DATA PROVIDED
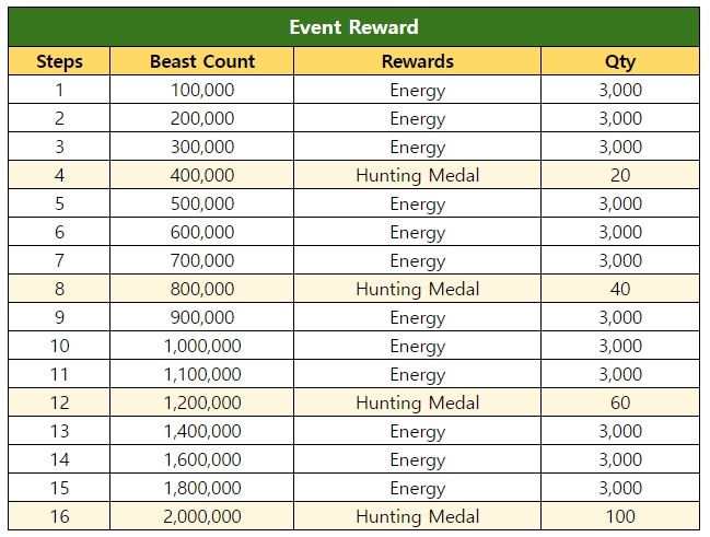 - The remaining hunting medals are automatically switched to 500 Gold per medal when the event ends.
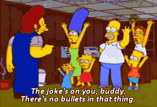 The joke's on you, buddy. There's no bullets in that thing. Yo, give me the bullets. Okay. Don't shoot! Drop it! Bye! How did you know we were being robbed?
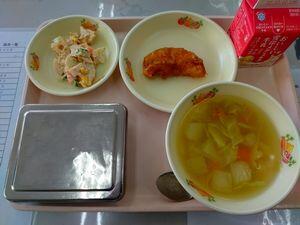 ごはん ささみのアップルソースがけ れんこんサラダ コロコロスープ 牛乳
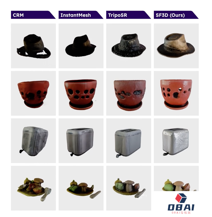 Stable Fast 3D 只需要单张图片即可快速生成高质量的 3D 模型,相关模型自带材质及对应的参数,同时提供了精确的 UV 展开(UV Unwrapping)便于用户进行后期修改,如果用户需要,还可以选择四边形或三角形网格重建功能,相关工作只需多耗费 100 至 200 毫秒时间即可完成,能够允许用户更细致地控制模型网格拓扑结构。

ASSIGNMENT
Begin at the first line of the material and copy each line exactly through the one containing "ごはん ささみのアップルソースがけ れんこんサラダ コロコロスープ 牛乳". Omit pictures.

EXERCISE RESULT
 - The remaining hunting medals are automatically switched to 500 Gold per medal when the event ends.
 The joke's on you, buddy. There's no bullets in that thing. Yo, give me the bullets. Okay. Don't shoot! Drop it! Bye! How did you know we were being robbed?
 ごはん ささみのアップルソースがけ れんこんサラダ コロコロスープ 牛乳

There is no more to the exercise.